Louis wstał, a po nim Harry.
- Wstawaj mała - wydał mi polecenie Hazza.
Z ociąganiem podniosłam się.
- Uderz mnie. Dawaj mała - z kpiną w głosie powiedział Harry.
Ustałam przed nim. Miał nademną przewagę wzrostu. Zacisnęłam ręce w pięści. Byłam wściekła za to, że mnie okłamali. Wzięłam zamach i przywaliłam mu w szczękę. Potem w nos. Zachwiał się i upadł. Kopnęłam go w brzuch. Uśmiechnęłam się drwiąco.
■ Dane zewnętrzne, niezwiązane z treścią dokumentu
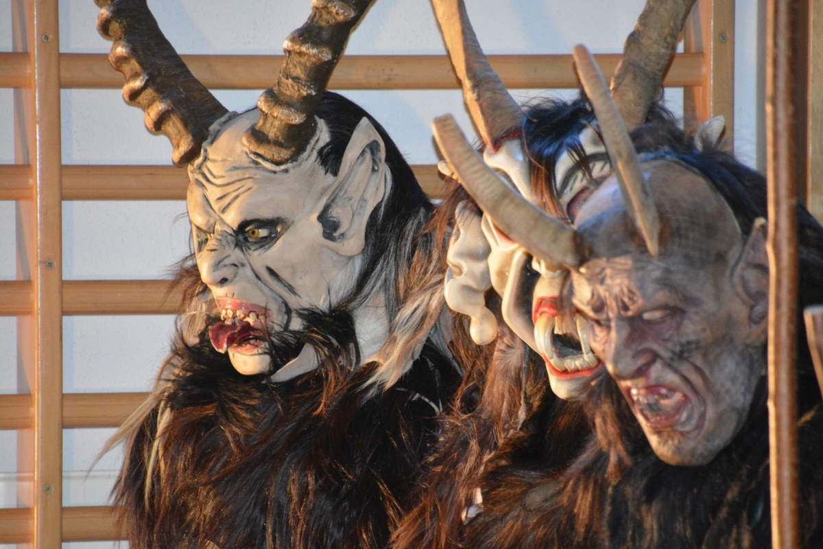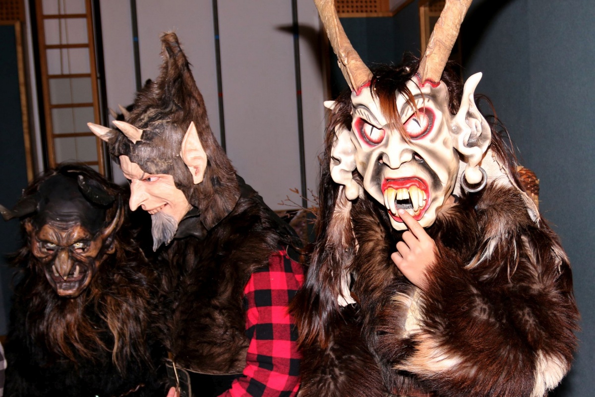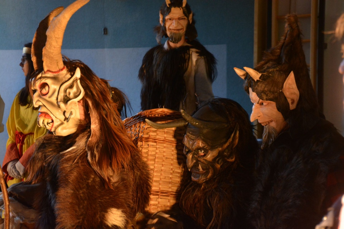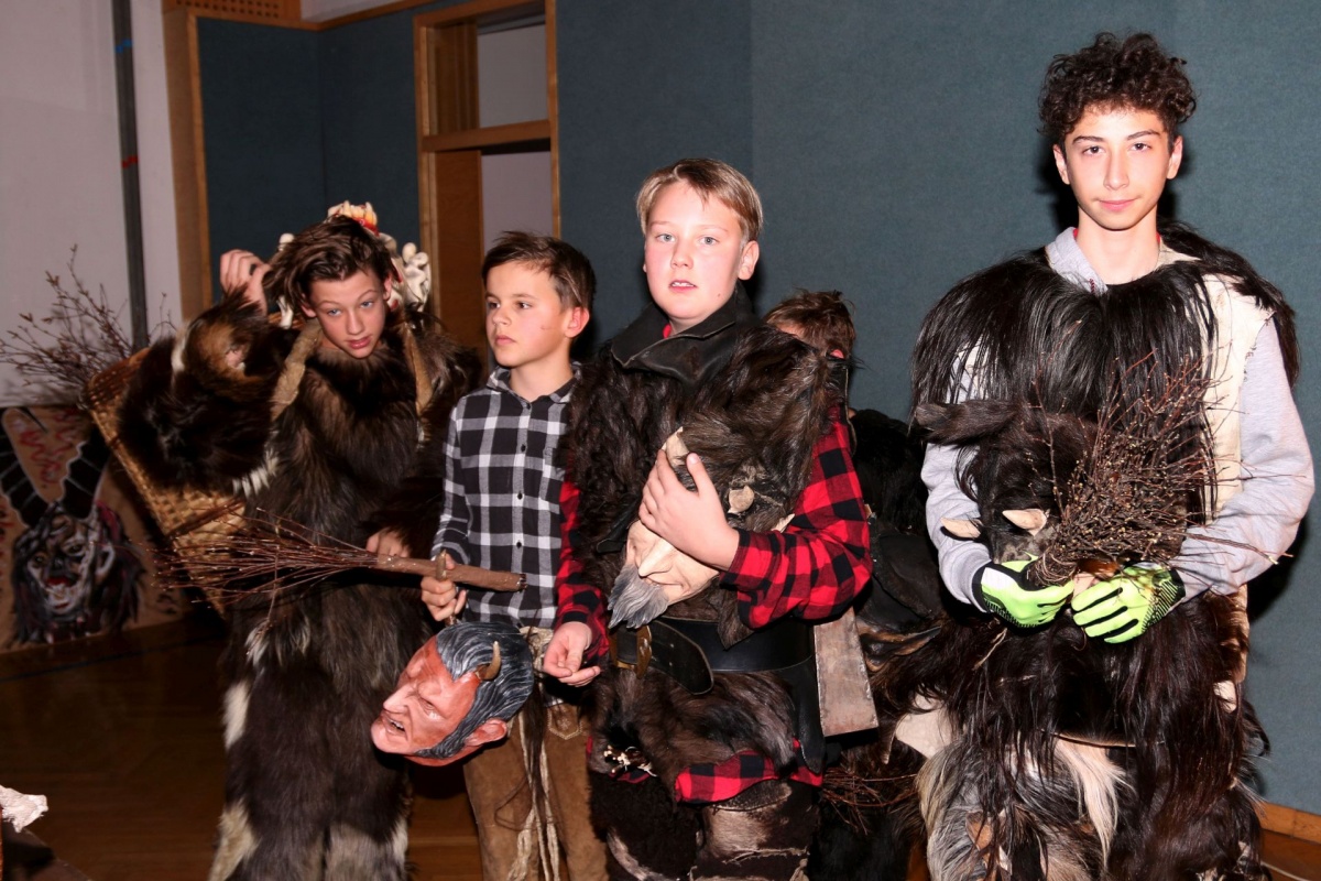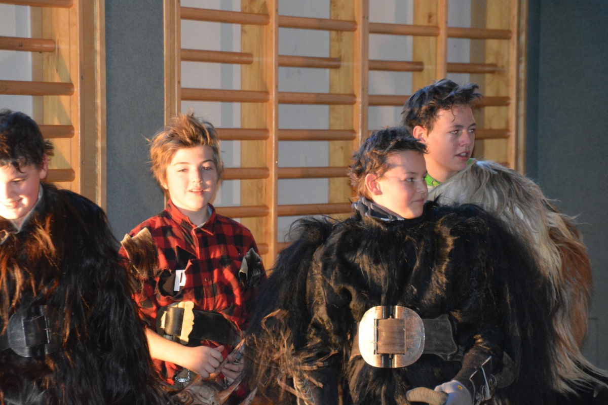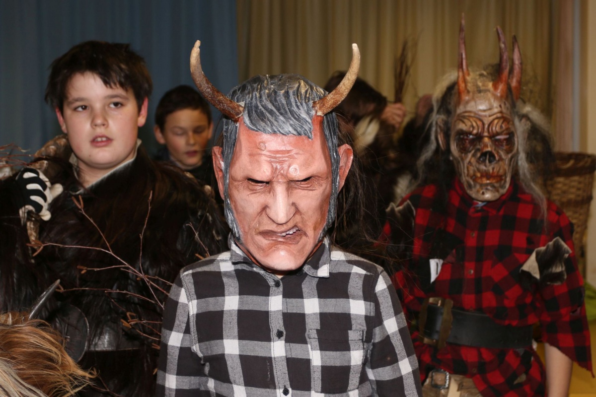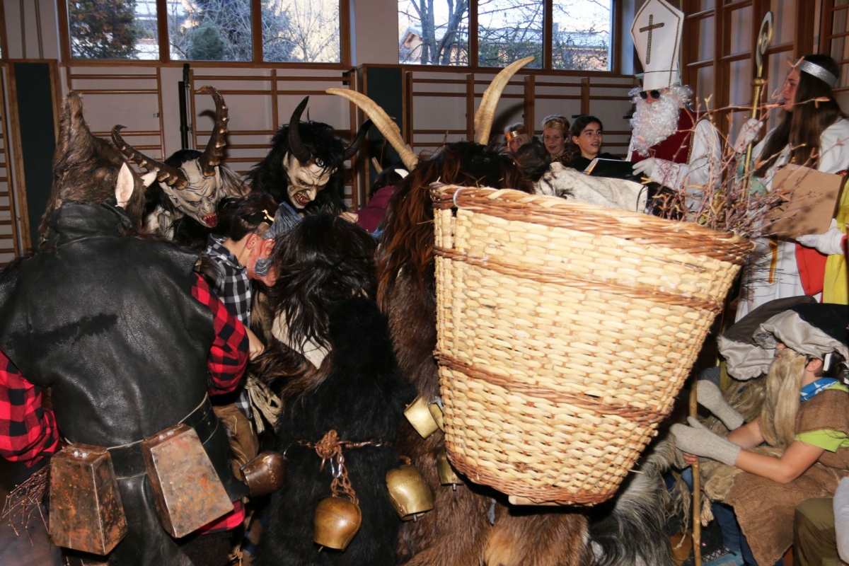 Auch die LehrerInnen bekamen etwas (ab), stellvertretend für sie "durfte" Leiterstellvertreter A. W., BEd MSc einige Streicheleinheiten der hauseigenen Krampusse über sich ergehen lassen.

Chciałam dać mu jeszcze jednego kopa, ale Louis złapał mnie za ręce.
- Dość! Gdzie ty nauczyłaś się tak bić?! - krzyknął mi w twarz.
Chciałam mu się wyrwać ale ten popchnął mnie na miejsce przy ognisku. Zayn, Liam i Louis patrzyli na mnie z zdziwionymi minami.
- Mieszkam sama w najgorszej dzielnicy Bradford. Serio sądzisz że nikt się tam mną nie zainteresuje? Muszę umieć się bronić.
Harry ociężale wstał z ziemi. Był wściekły.
--------------------------------------------
Rozdział pisało mi się strasznie ciężko! Nie miałam pojęcia jak ubrać w słowa moje myśli. Ale jest i mam nadzieję że się podoba. MAM 2 PROŹBY.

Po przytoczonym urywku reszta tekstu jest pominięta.